Dean at Chicano Latino Student Affairs
La comunidad Latina de Claremont esta de luto por la perdida de Willie, quien fue gran amigo, lider, mentor, brillante estudiante y persona honorable. Su inteligencia era sin igual, con una sonrisa siempre en los labios, el llenaba de alegria nuestros corazones. Wille que siempre estaba enfocado en sus estudios y deseaba ser profesor para alludar a su familia adorada. Willie fue un joven respetado y admirado por todos. Hoy el cielo amanecio llorando y nosotros lloramos tambien porque Willie ahora es un estrella en el firmamento.

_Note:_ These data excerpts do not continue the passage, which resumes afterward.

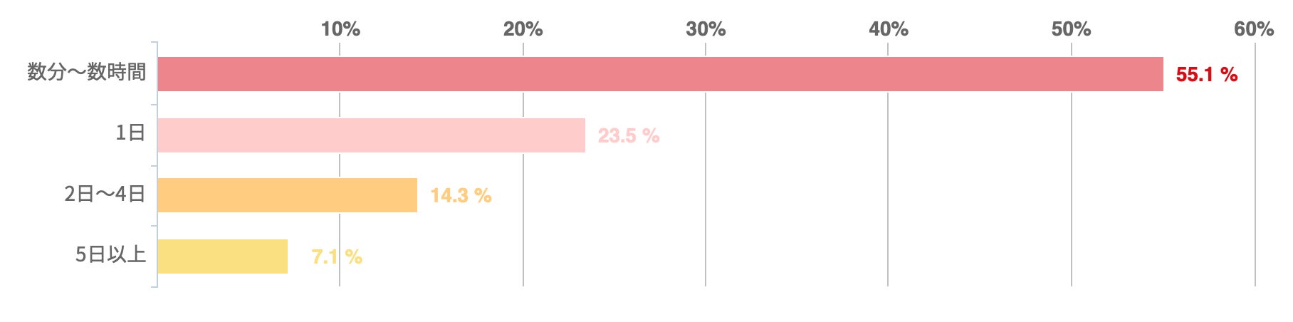 具体的には、「数分〜数時間で受け取った」という回答者が55.1%で過半数を超えていた。特に、「1時間〜2時間くらいで口座に振り込まれていた」という回答が目立ち、アイフルが利用者への支払を迅速に完了させている様子が伺える。
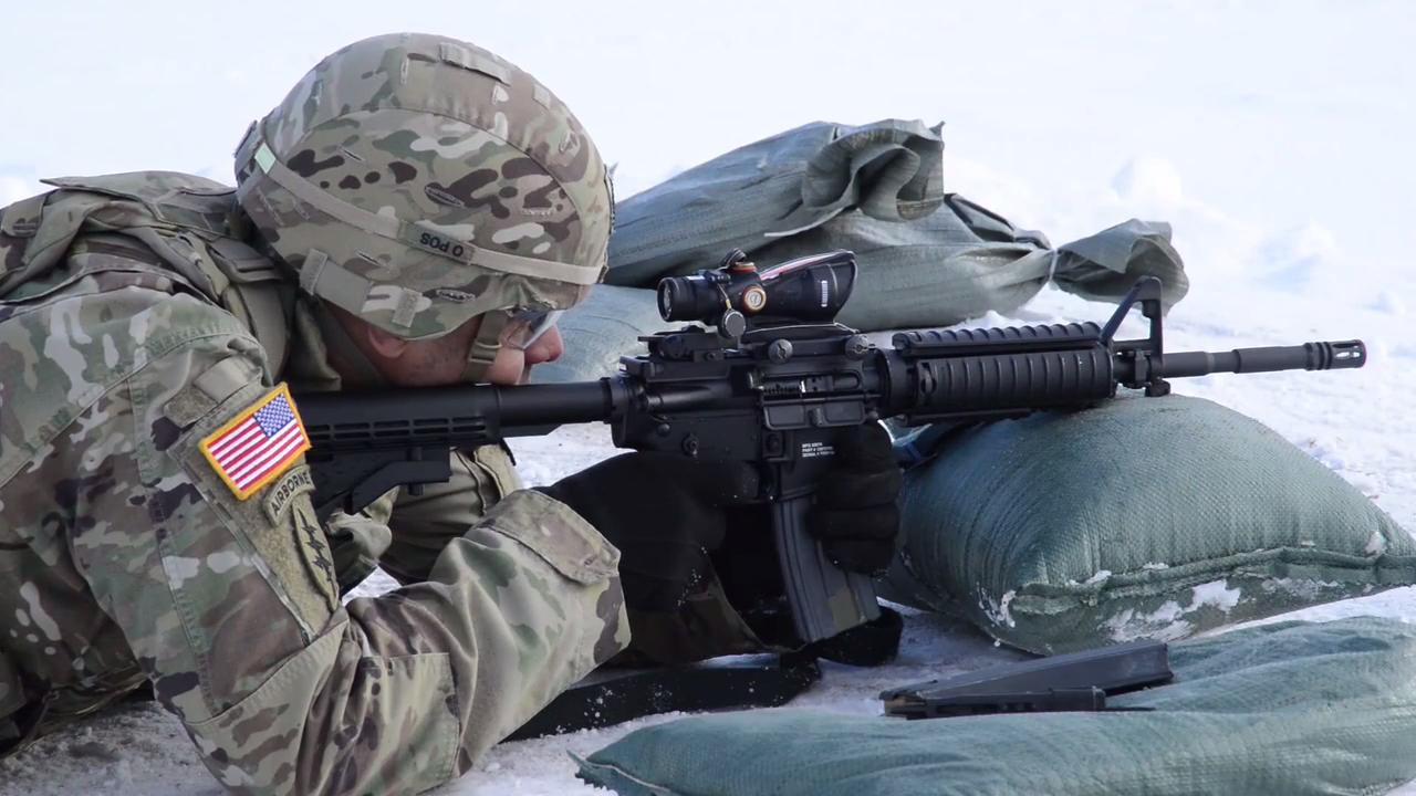 U.S. Marines during live fire training with M4 and M16 rifles. First part of the video happens in a closed
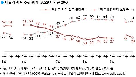 직전 조사(9월 3주차) 대비 긍정평가는 5%포인트 하락(33%→28%)한 반면, 부정평가는 2%포인트 상승(59%→61%)했다.
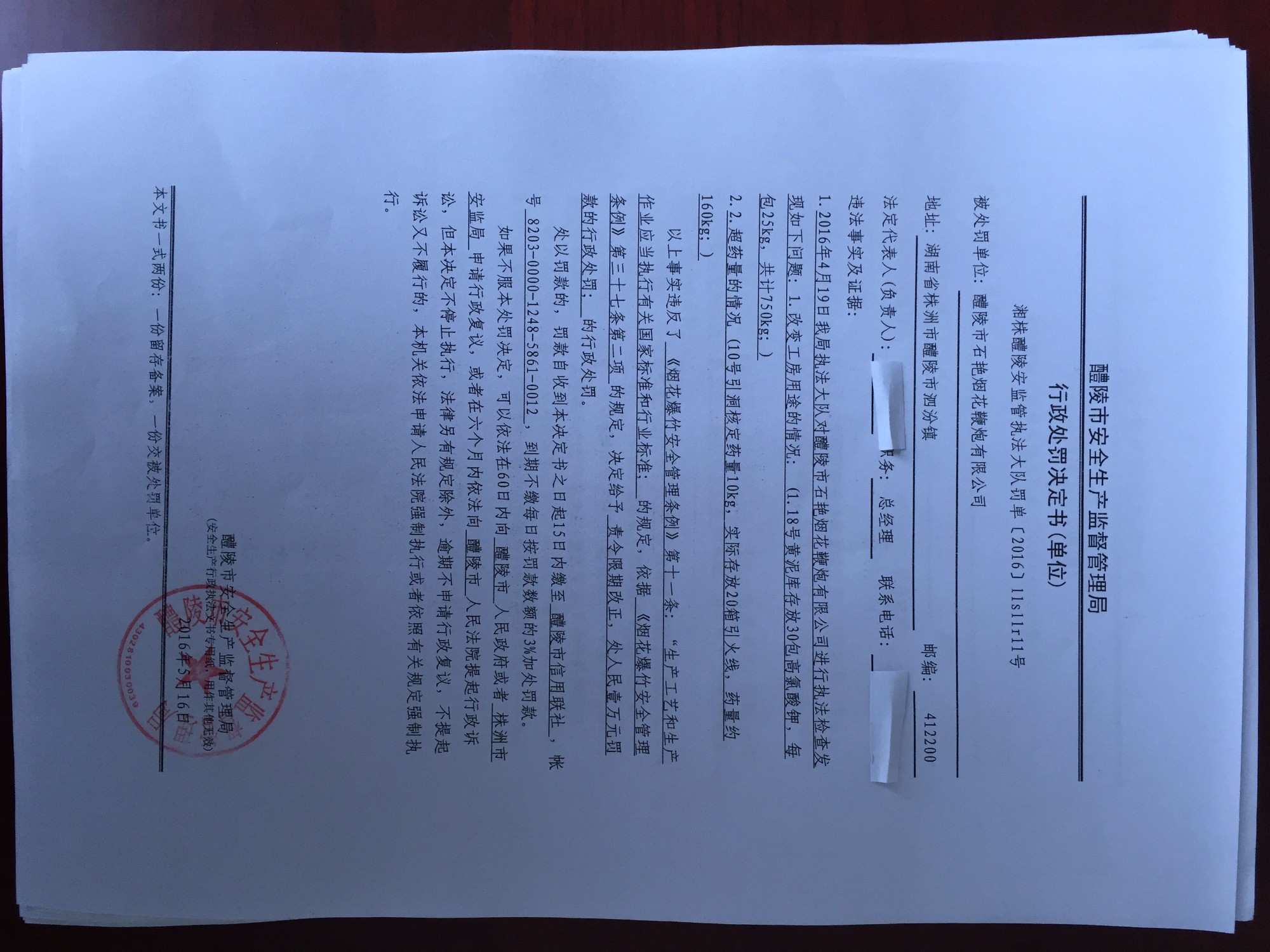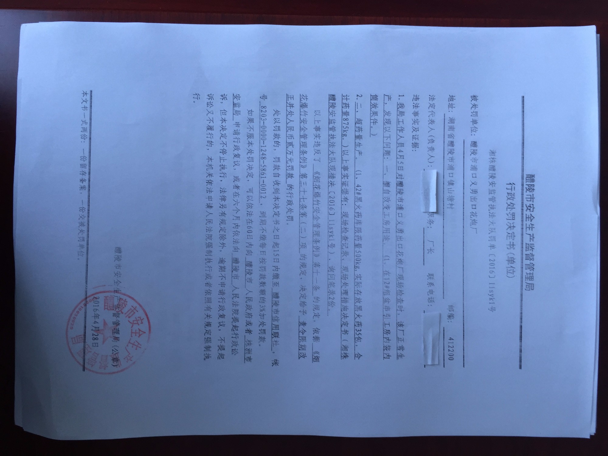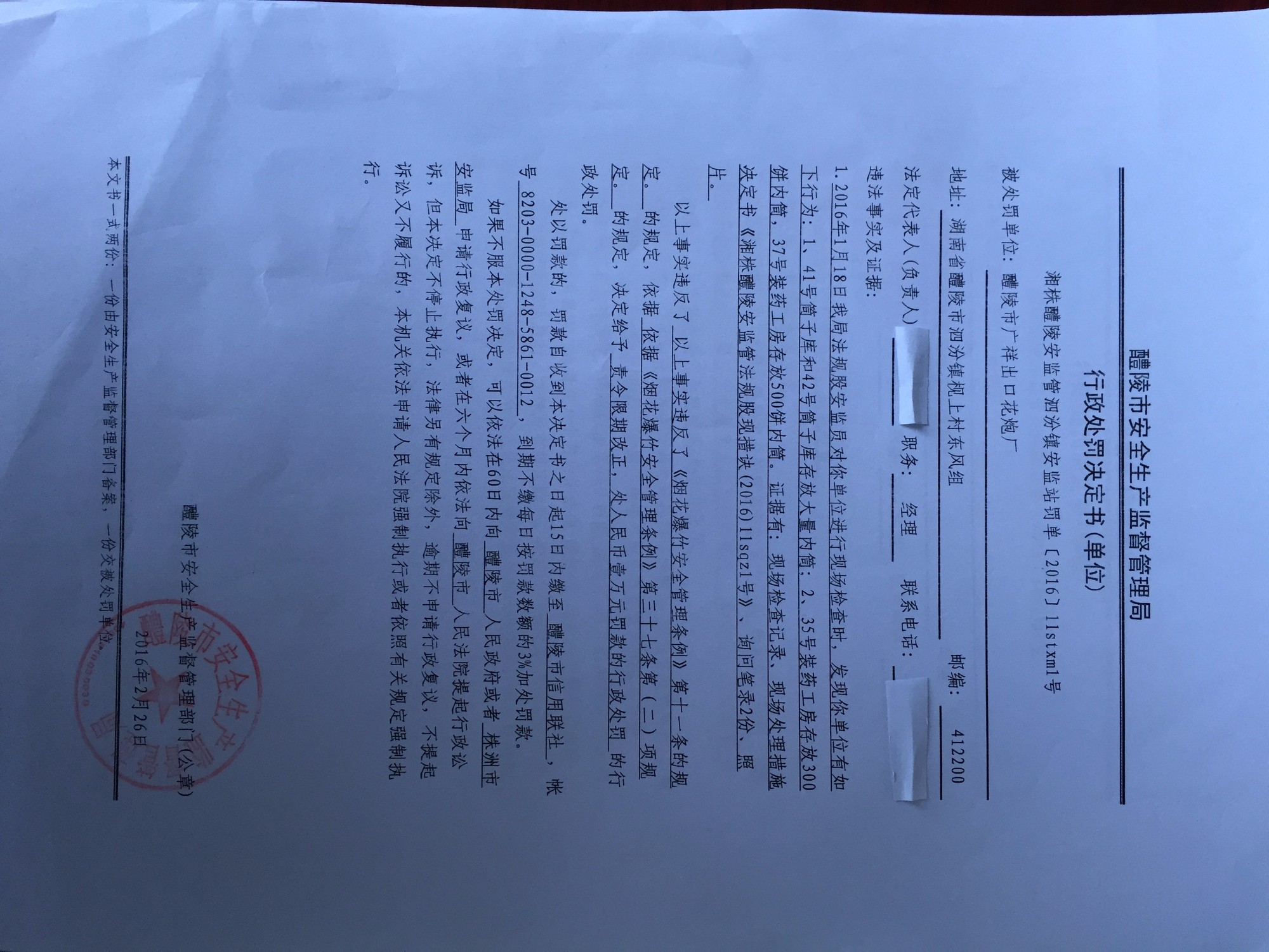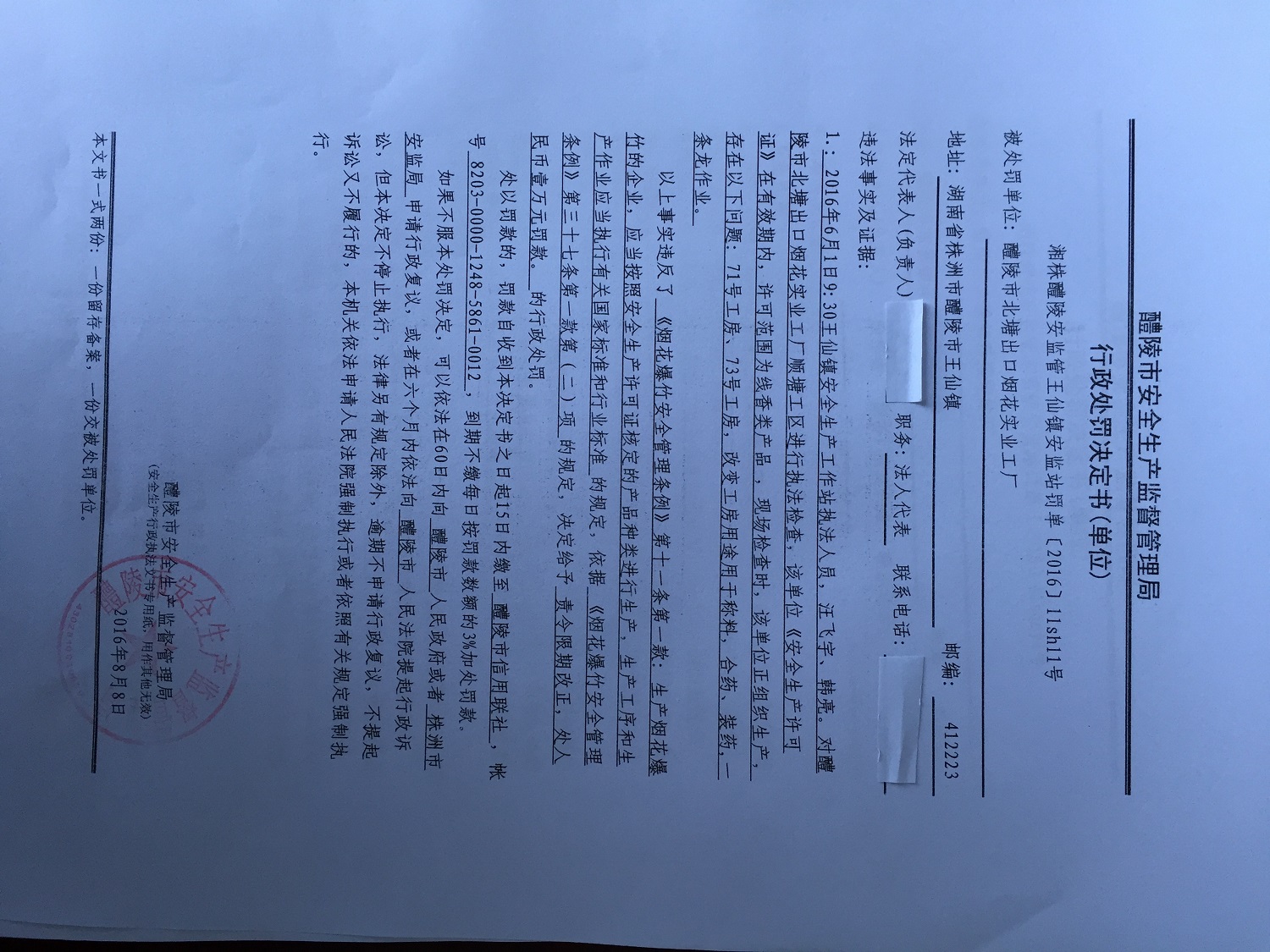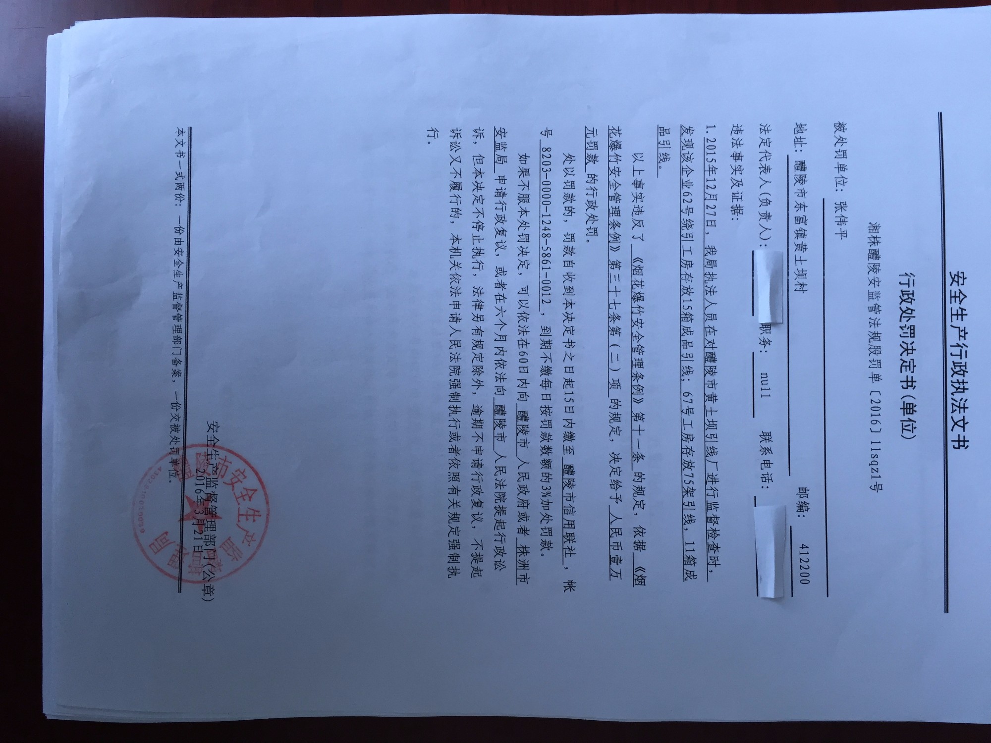 (湘株醴陵)安监执法大队罚单〔2016〕

Michael Storrie-Lombardi, M.D. (Ret.)
Research Advisor, Physics
Willie loved physics. He worked with me on several projects infusing each of them with joy, hope, and enthusiasm. At the time of his death he was deeply involved in our Engineering Clinic project for City of Hope Department of Surgery to develop a laser spectroscopy technique that could rapidly identify breast cancer. His talent, his joy were such gifts to us all – I just miss him, but will always, always remember. Hugs to all. Mike
Erica Quinn '19
I am a Mentor in the dorm where Willie was Proctor
Willie was a very understated person. He would do wonderful things for people, and make them sound small and easy. In one of our weekly Mentor-Proctor meetings, he casually mentioned that he’d spent one whole day of his weekend with somebody who was having a tough time, but he said it in such a way that I almost didn’t notice that that was something special. He was willing to give anything to help people. I never heard him say a negative thing about anybody, and there wasn’t a person he didn’t care about.
At the beginning of the school year I was having a hard time, and Willie was there to support me. He made me feel so comfortable that I immediately opened up to him. One of his strongest skills was being a good listener. Instead of trying to fix the situation, he validated my feelings, and he made me feel less alone.
He encouraged our Mentor-Proctor team to be closer to each other. My favorite thing that we did together was telling our life stories. It was amazing to hear what he’d already accomplished and how excited he was about some of the things he did.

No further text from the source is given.